# Zama Carb Flooding



## madmower (Feb 6, 2007)

Hi 
Zama C10u Carb Flooding From Venturi? Have Striped The Carb Cleaned In Ultrasonic Cleanng Tank Re Bult The Carb Still Flooding When I Striped The Carb Down The Needle Was Disconected From The Arm I Have Reset This With The Arm Level With The Carb Body With The Gasket In Place
Any Ideas As Where To Try Next?

Thank You In Advance For Any Help You Can Give Me

Bill


----------



## geogrubb (Jul 28, 2006)

If you used the new metering arm I would suggest putting the old one back in(unless badly worn) since it has the proper height setting. Have a good one. Geo


----------



## madmower (Feb 6, 2007)

geogrubb said:


> If you used the new metering arm I would suggest putting the old one back in(unless badly worn) since it has the proper height setting. Have a good one. Geo


i used the old one just to make shore
bill


----------



## 30yearTech (Sep 14, 2006)

It could be a few different things.

Make sure all the welch plugs are in place none missing.

Correct orientation of diaphragms and gaskets, on metering side it's gasket then metering diaphragm. on fuel pump side it's pump diaphragm then gasket.

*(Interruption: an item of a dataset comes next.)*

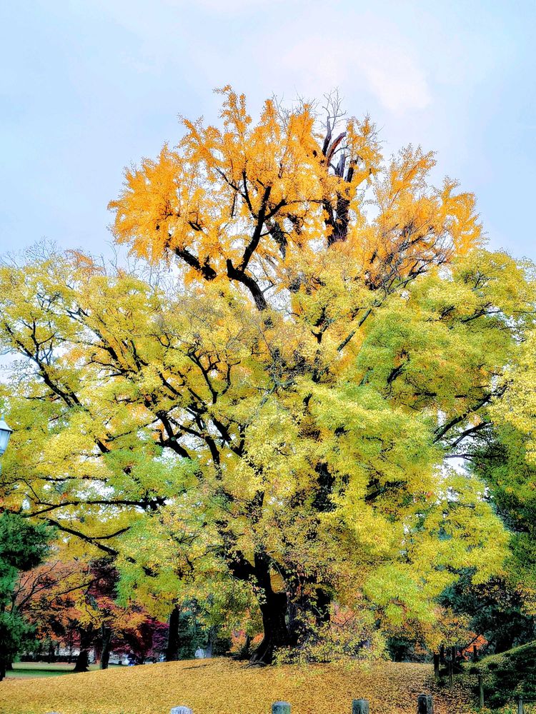30年ほど前に黄色い絨毯が広がっていた御所のイチョウを見て感激した覚えがあります😄
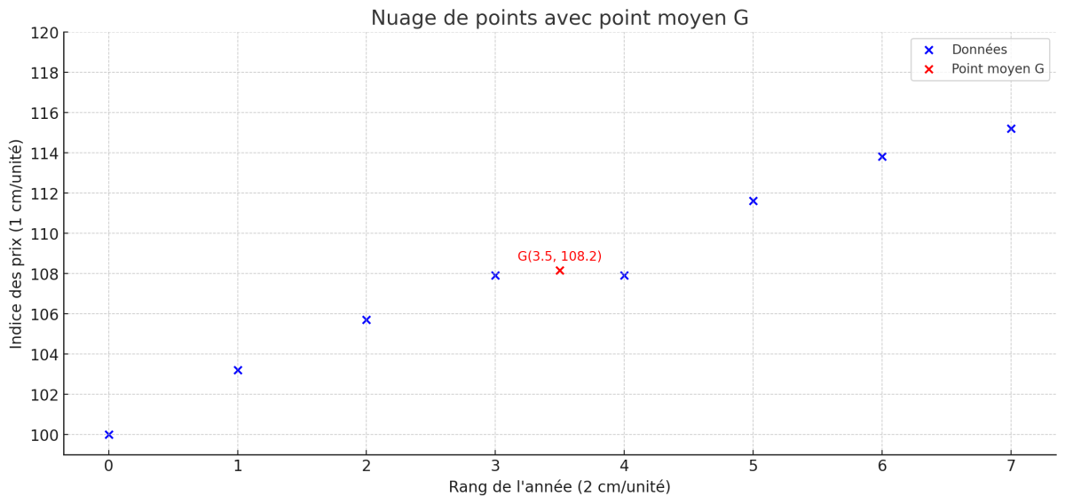 - 1 cm → 1 rang sur l'axe des abscisses.

Be sure the vent on the diaphragm cover on the metering side is open.

If you have access to a pressure tester, you can check the inlet needle pop off pressure to see if it's seating good.

Best of Luck.... :thumbsup:


----------



## madmower (Feb 6, 2007)

thanks for that will try again at the weekend when i get the machine back to have another go

bill


----------